The atmospheric screen memory appears to be being reduced by 3GB in the new release. However, note that the x10 larger instance catalogs for cosmoDC2 will probably eradicate that 3GB gain and make things even worse, something I hadn't appreciated until just now. How much worse is a little unclear to me at the moment.
However, note that the x10 larger instance catalogs for cosmoDC2 will probably eradicate that 3GB gain and make things even worse,
I still don't understand why this is necessarily true. Can't we just use a larger nside? Katrin said this want's relevant, but didn't explain. Can someone please clear this up?
I think the nside issue is related to instance catalog generation. This is for actually using them in imSim as the processes need to hold the object list in memory.
But if nside is larger, isn't there less to hold in memory? Or is it already only holding in memory the portion of the instance catalog that overlaps the sensor?
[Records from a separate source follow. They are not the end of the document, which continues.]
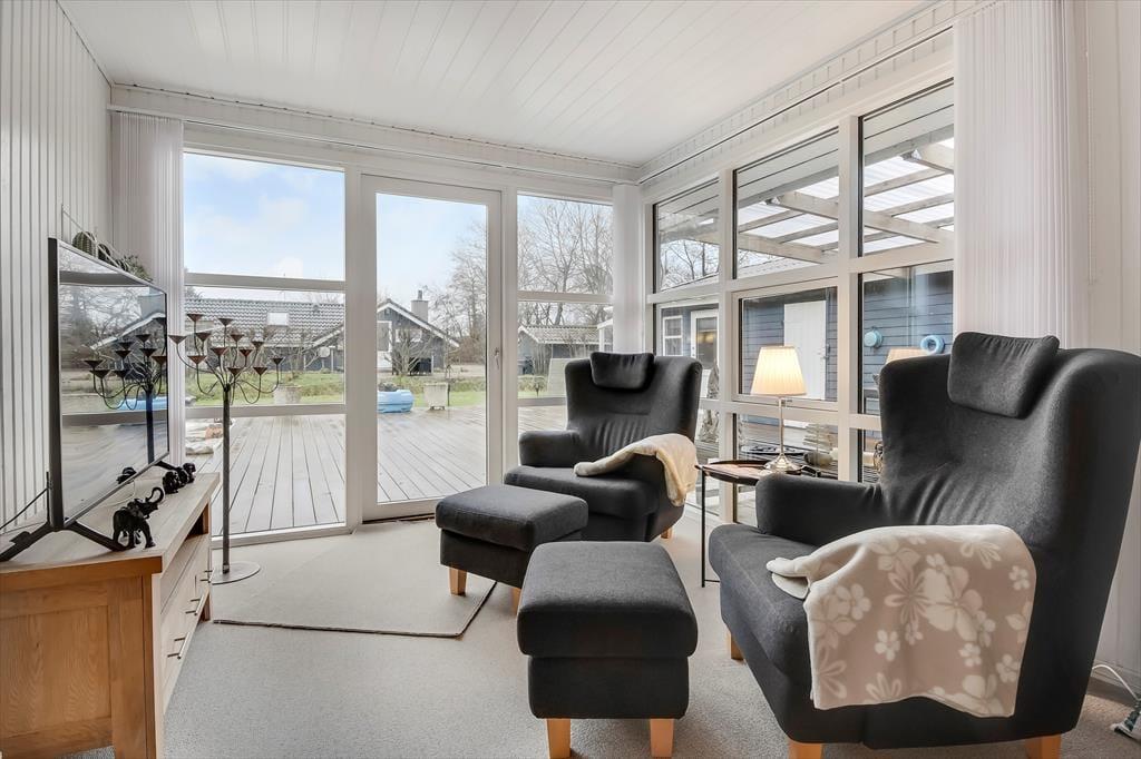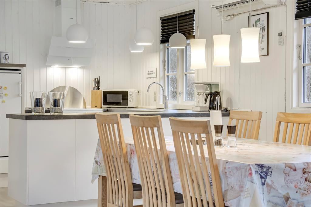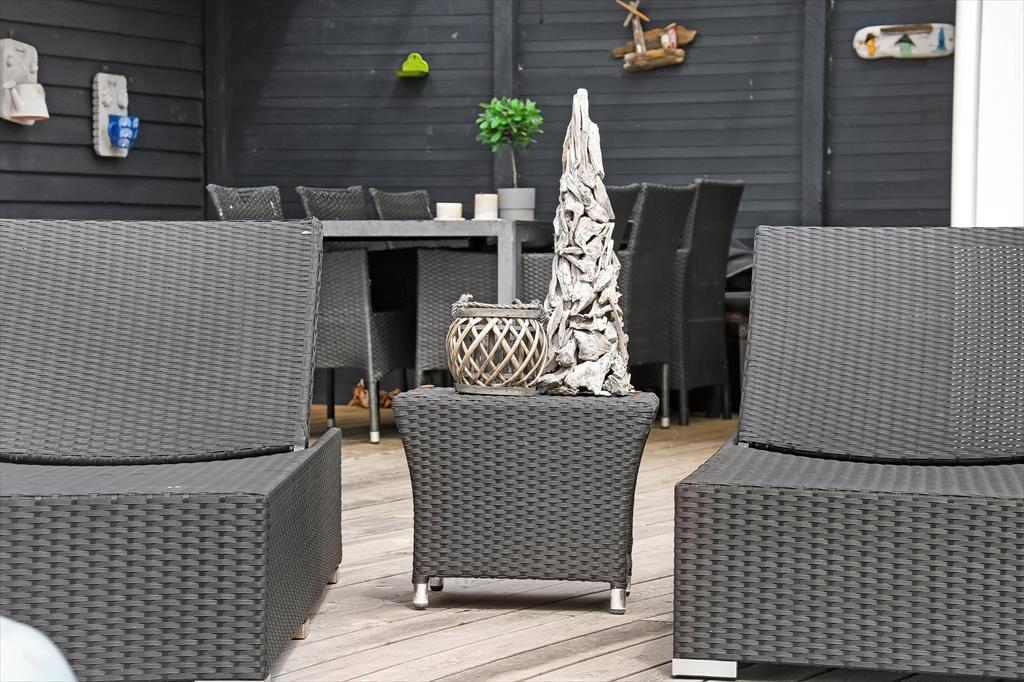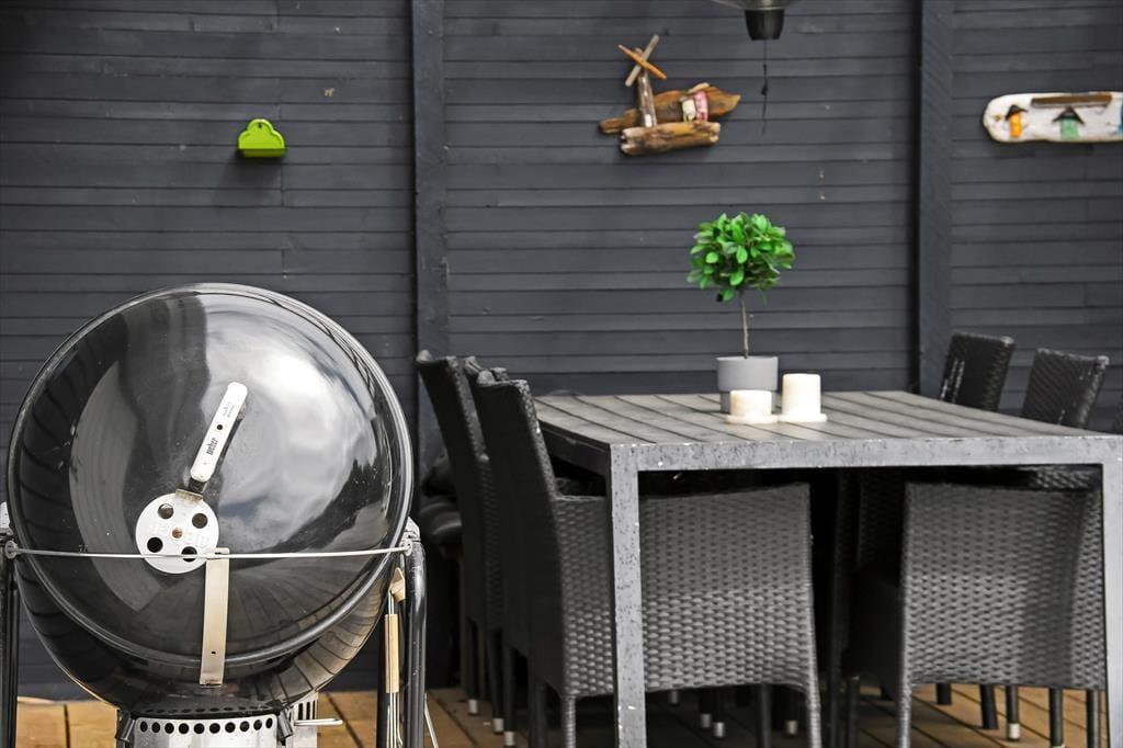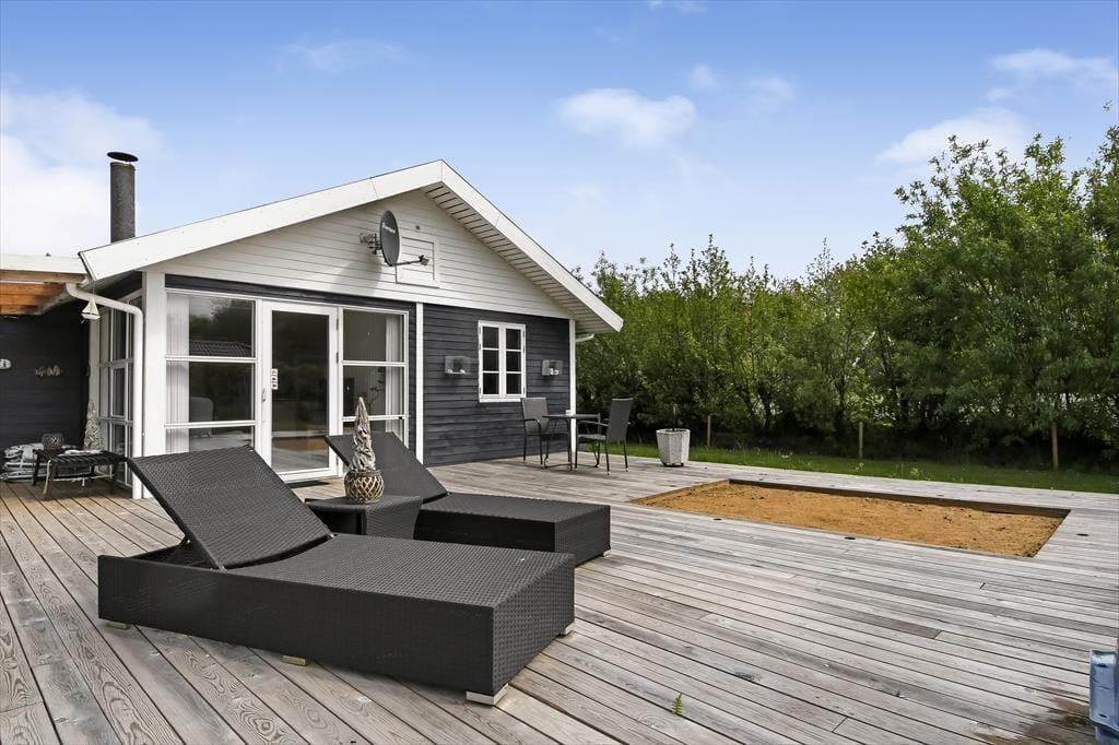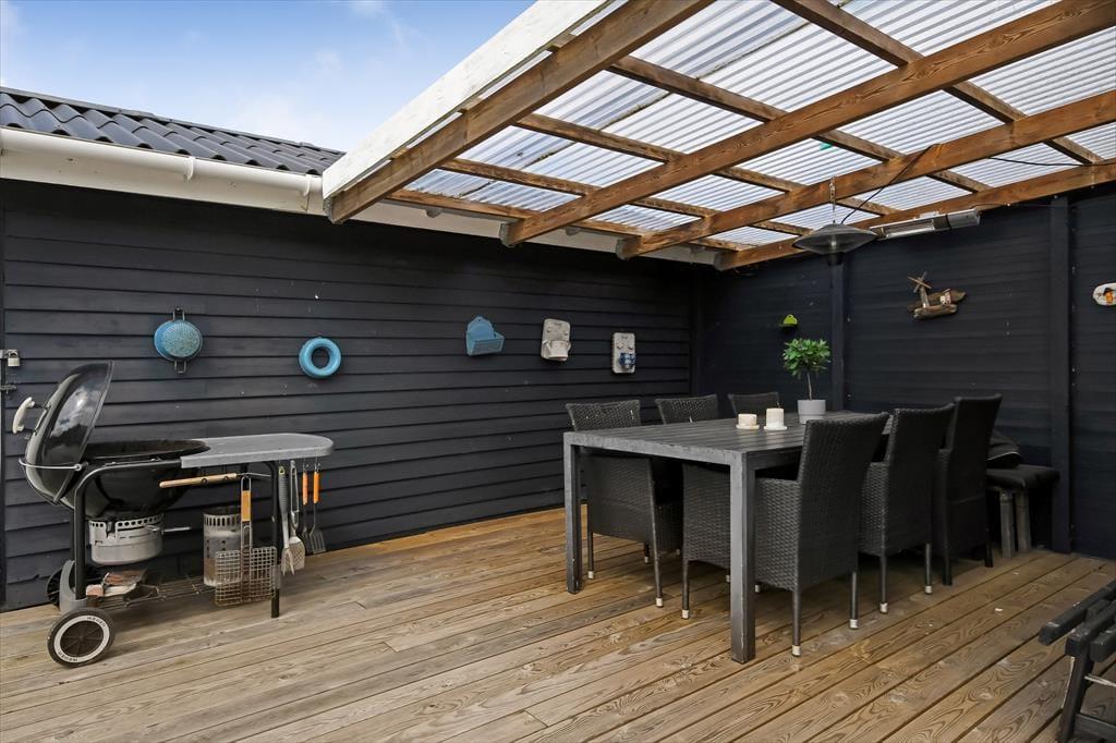 Huset har lige så meget at byde på udendørs – en del af terrassen er overdækket, og her er der spiseplads og grill. Yderligere er der et udekøkken til rådighed, hvor maden eller den friskfangede fisk kan tilberedes. Her er også plads til både afslapning og liggestole, hvis nogen skulle have brug for en lur i den friske luft. For enden af terrassen er der også en stor græsplæne, så alt i alt er her masser af plads for både store og små under den åbne himmel.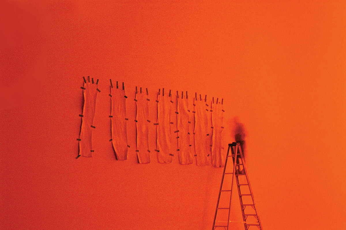 The first row of test strips being hung on the canvas surface from the precarious top of an 18-foot ladder.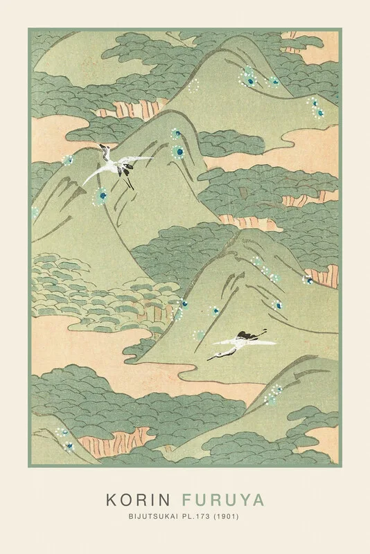 Stenska nalepka Cranes & Mountains in Pastel Green (Japandi) - Furuya Kōrin

nside has nothing to do with the size of the instance catalogs. Those are generated for the entire FOV then read into imsim. We could generate them for parts of the FOV, e.g., per sensor, but that's not currently how the code is structured, i.e., back when a full fov of instance catalog objects was 10 times smaller, reading the whole fov into memory wasn't a big deal. Now it probably is, so we'd need to change the code to accommodate this factor of 10. In any case, nside isn't relevant in the imsim context.
I see. I hadn't understood how the object catalog for a single sensor could possibly be a memory concern, so I assumed you must be reading in catalogs in these healpix pixels that people were talking about. But if it's the full fov, I can see how that could be problematic.
It seems like it wouldn't be that hard to write separate instance catalogs for each sensor rather than for each full focal plane. Or alternatively to cull the input catalog immediately after reading in to only hold the portion that is relevant for the sensor being rendered. Are either of these possible to do on the time scale of Wednesday?
It seems like it wouldn't be that hard to write separate instance catalogs for each sensor rather than for each full focal plane. Or alternatively to cull the input catalog immediately after reading in to only hold the portion that is relevant for the sensor being rendered. Are either of these possible to do on the time scale of Wednesday?
I would think so, though fixing this particular issue isn't likely to be the hardest thing to do before Wednesday.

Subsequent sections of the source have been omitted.